The following day the remnants of the Household Battalion had been paraded for the customary post battle roll call, were it had been found that the unit had suffered over two hundred and thirty casualties in the attack, most of which had been caused by the enemy’s intense enemy machine gun fire. Amongst the dead had been a twenty years old former Scarborough tram conductor; 187 Lance Corporal John Stanley Morrison.

Born in Scarborough on the 8TH of August 1896 at No.22 Britannia Street, John had been the only son of Rachel Alice, and John Herbert Morrison, a Joiner/Carpenter by trade [Rachel A. Jackson and John H. Morrison had been married at St Mary’s Parish Church on the 22ND of December 1894]. Initially educated at the Central Board School in Scarborough’s Trafalgar Street West [the site in 2004 is occupied by Genevieve Court], at the age of twelve John had won a scholarship to the town’s Municipal School the equivalent of today’s comprehensive school, which had been situated in Westwood, and is now part of the Campus of Yorkshire Coast College. John had remained at the ‘Muni’ until 1908, when he had left the institution to become an errand boy in the Scalby Road depot of the Scarborough Tram Company. [5]

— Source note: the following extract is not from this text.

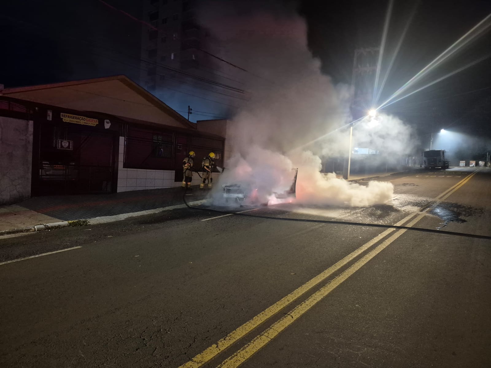 Um veículo foi completamente destruído por um incêndio na madrugada desta segunda-feira (09), em Xanxerê. A ocorrência foi registrada por volta das 3h40, na Rua Emílio Allet.

As the clouds of war had begun to waft across Europe in the summer of 1914, the eighteen years old Morrison had been living with his parents at No.6 Marlborough Street. Britain had eventually declared war on the Germans at 11pm on the fourth of August and by the end of September over 300,000 men between the ages of nineteen and thirty had responded to the Secretary of State for War, Lord Kitchener, plea for a hundred thousand recruits for Britain’s ‘New Armies’. Morrison had responded to the call on the twelfth of October [a photograph of Private Morrison had appeared in the ‘Scarborough Pictorial’ of December 2ND 1914] by enlisting for three years, or the duration of the war, at Scarborough’s Recruiting Office in St Nicholas Street, into the Royal Horse Guards [‘The Blues’]. At the time that he had accepted the King’s Shilling, Morrison had stood at five feet ten inches, had had a ‘healthy’ complexion, dark brown hair, and grey eyes, and had possessed ‘no visible impediments’.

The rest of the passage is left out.